Look through the records below for the line holding "Most existing Large". Write it out exactly, with each following line through the line holding "8月26日,一只黑猩猩在意大利羅馬動物園享用冰凍食物。".

#### [Material provided]
+ + + +
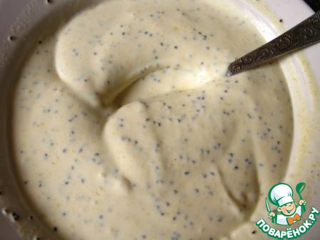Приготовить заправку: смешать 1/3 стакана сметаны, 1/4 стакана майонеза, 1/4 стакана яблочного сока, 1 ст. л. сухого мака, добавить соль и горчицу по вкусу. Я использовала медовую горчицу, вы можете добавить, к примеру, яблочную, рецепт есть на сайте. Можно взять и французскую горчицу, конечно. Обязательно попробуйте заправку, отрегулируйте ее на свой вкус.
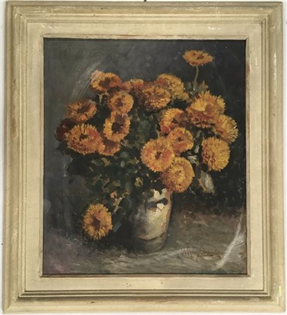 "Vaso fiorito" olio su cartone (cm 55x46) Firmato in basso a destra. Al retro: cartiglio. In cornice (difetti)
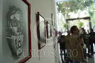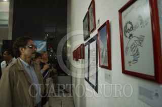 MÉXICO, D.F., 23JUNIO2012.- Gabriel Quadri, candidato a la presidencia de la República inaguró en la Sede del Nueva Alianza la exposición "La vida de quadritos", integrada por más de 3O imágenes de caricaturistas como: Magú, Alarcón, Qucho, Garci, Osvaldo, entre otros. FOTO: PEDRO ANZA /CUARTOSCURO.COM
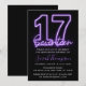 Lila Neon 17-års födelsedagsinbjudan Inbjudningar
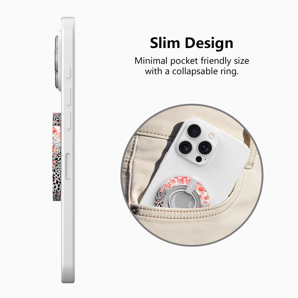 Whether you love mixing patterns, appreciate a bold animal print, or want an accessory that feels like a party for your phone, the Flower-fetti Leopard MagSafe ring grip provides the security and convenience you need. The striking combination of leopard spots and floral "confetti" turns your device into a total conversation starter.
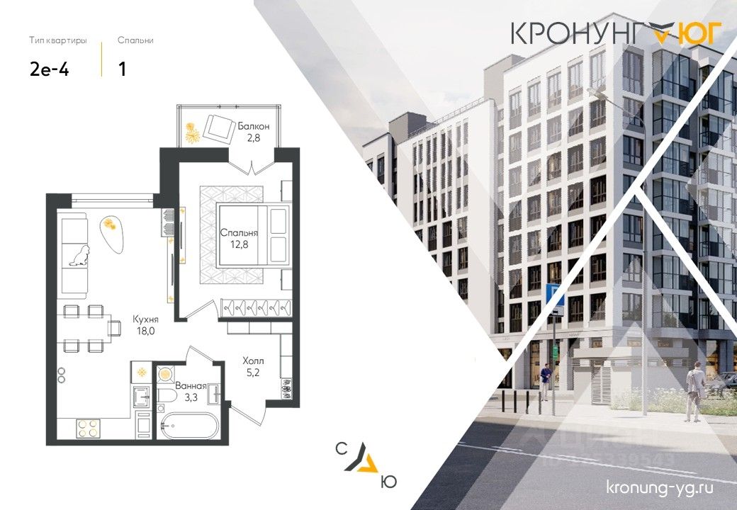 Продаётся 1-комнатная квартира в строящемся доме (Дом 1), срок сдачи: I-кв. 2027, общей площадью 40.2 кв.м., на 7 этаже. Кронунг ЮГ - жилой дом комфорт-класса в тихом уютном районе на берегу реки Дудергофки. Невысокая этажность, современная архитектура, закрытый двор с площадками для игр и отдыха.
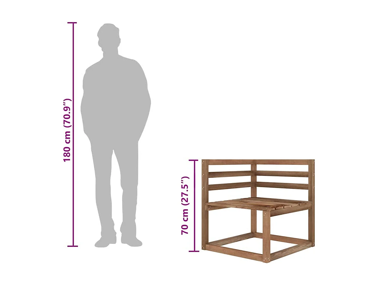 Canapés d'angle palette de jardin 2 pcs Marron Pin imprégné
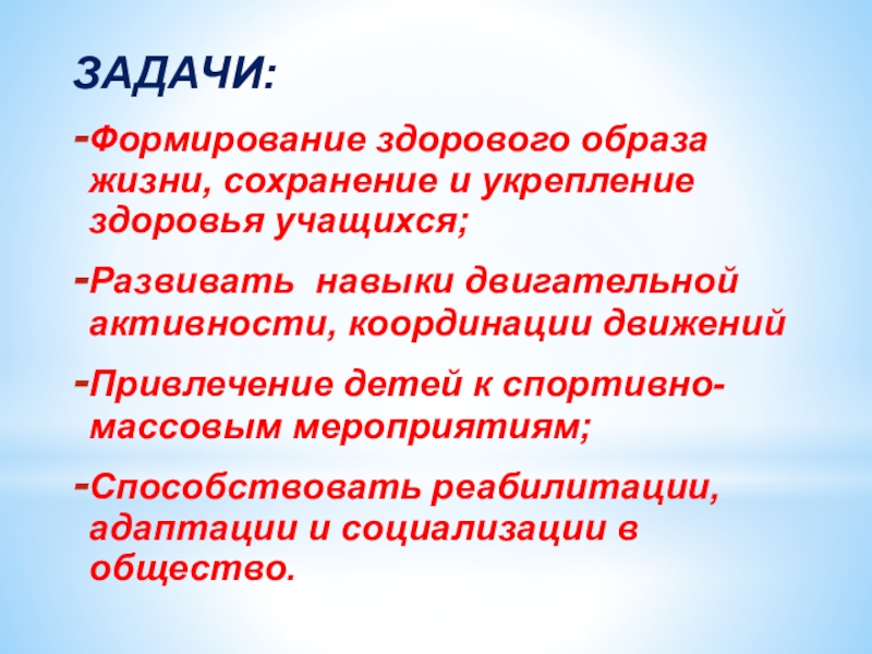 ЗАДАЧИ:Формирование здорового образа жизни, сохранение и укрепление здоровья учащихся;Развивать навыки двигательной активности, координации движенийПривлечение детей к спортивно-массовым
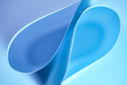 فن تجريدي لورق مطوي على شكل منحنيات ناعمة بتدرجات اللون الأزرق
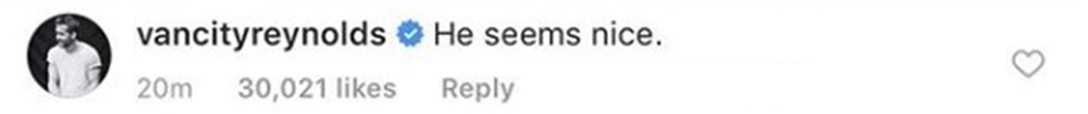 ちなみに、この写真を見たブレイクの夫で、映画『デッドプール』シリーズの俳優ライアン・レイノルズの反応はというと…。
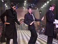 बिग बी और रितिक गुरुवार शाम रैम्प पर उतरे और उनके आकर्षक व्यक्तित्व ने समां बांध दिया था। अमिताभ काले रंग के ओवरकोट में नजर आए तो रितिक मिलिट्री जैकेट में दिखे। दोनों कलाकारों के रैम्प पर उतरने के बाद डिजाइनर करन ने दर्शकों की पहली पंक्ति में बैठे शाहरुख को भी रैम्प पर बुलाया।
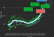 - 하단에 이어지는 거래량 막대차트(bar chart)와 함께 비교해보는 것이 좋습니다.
+ + + +
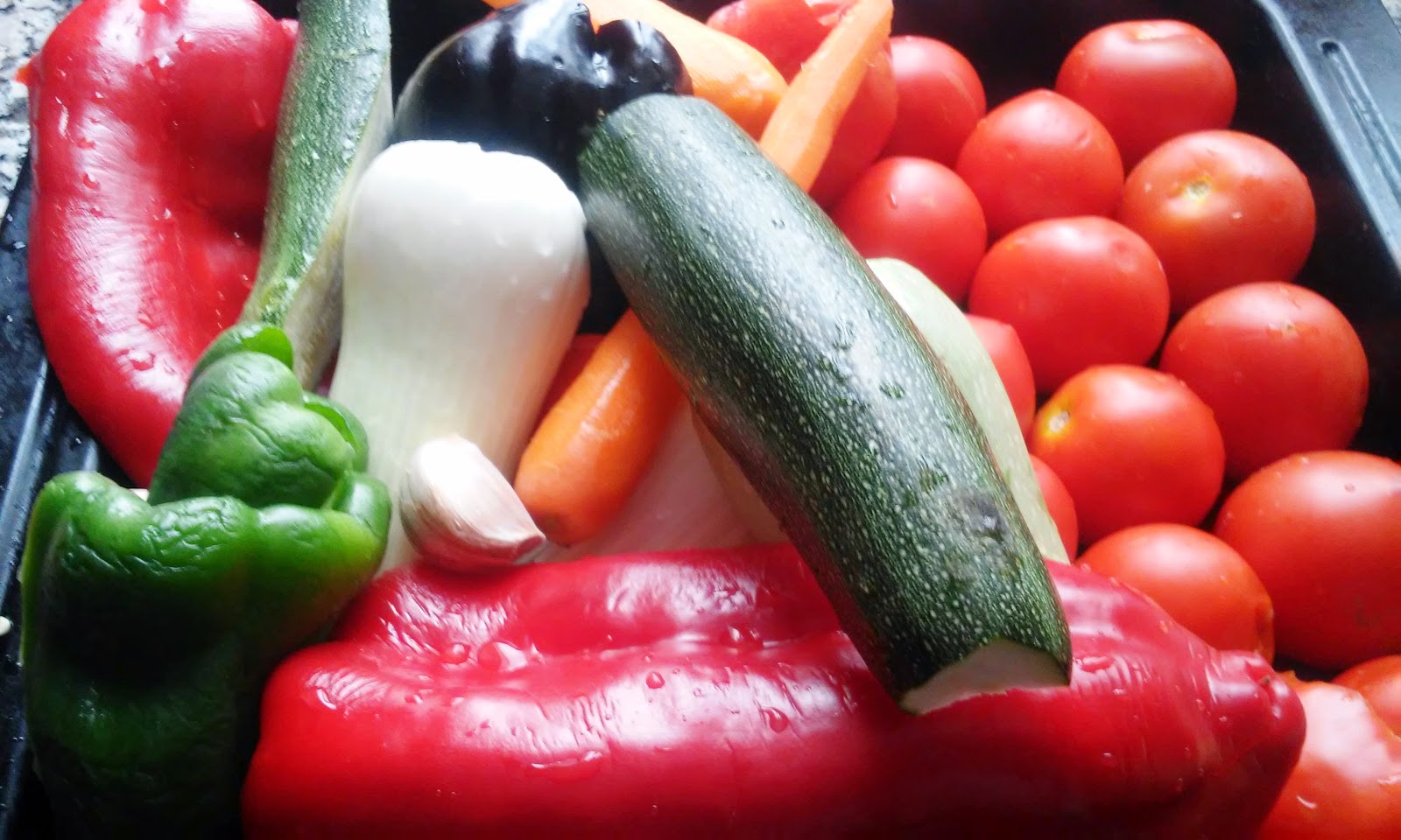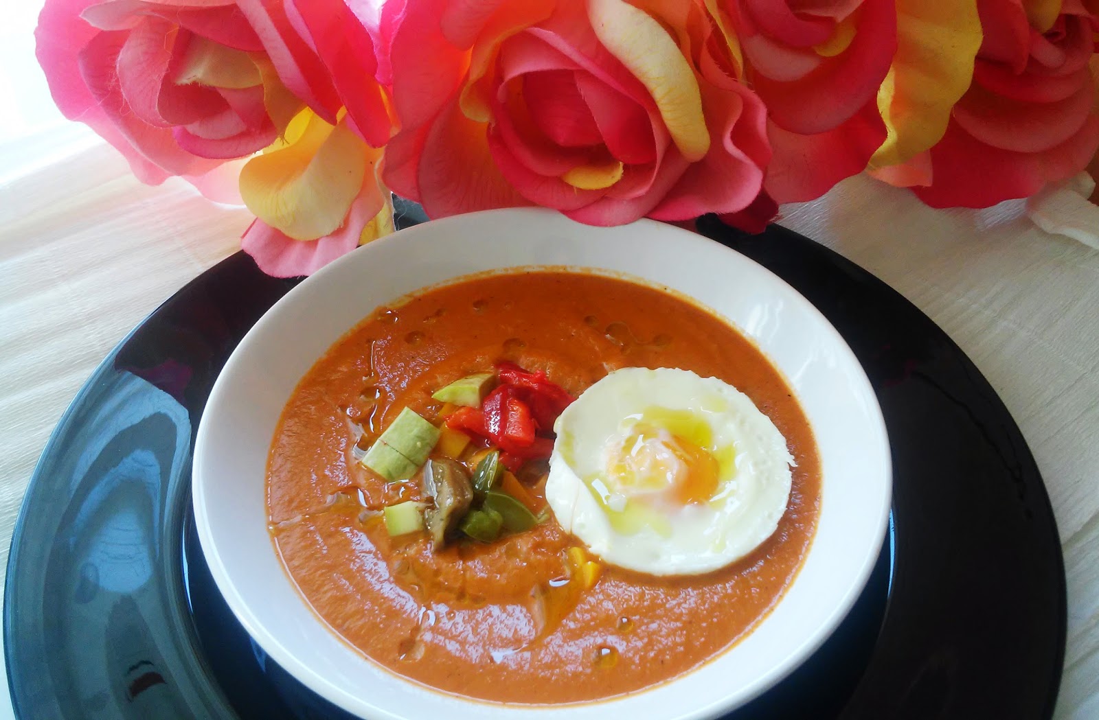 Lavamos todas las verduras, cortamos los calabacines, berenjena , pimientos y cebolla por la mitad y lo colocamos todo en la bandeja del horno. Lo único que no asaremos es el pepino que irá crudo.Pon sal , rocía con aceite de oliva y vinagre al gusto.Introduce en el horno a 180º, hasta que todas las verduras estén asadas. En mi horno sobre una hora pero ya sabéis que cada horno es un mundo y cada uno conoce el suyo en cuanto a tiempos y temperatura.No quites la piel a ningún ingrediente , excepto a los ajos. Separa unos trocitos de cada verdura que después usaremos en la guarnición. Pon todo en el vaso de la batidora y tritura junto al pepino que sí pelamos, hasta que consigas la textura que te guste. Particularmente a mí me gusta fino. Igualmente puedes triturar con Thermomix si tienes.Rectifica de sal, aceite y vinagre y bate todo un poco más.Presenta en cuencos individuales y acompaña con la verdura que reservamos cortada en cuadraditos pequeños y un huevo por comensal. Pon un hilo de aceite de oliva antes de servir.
+ + + +
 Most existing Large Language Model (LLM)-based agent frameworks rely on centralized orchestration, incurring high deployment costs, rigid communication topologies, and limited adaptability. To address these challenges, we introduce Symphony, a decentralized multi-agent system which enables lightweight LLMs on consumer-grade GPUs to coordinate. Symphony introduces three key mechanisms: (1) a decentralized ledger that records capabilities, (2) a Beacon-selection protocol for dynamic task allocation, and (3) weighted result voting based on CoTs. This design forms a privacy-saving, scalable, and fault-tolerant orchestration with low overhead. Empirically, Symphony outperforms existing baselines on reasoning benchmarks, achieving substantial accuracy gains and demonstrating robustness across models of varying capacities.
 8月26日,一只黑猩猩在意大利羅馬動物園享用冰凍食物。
+ + + +
#### [Expected output]
 Most existing Large Language Model (LLM)-based agent frameworks rely on centralized orchestration, incurring high deployment costs, rigid communication topologies, and limited adaptability. To address these challenges, we introduce Symphony, a decentralized multi-agent system which enables lightweight LLMs on consumer-grade GPUs to coordinate. Symphony introduces three key mechanisms: (1) a decentralized ledger that records capabilities, (2) a Beacon-selection protocol for dynamic task allocation, and (3) weighted result voting based on CoTs. This design forms a privacy-saving, scalable, and fault-tolerant orchestration with low overhead. Empirically, Symphony outperforms existing baselines on reasoning benchmarks, achieving substantial accuracy gains and demonstrating robustness across models of varying capacities.
 8月26日,一只黑猩猩在意大利羅馬動物園享用冰凍食物。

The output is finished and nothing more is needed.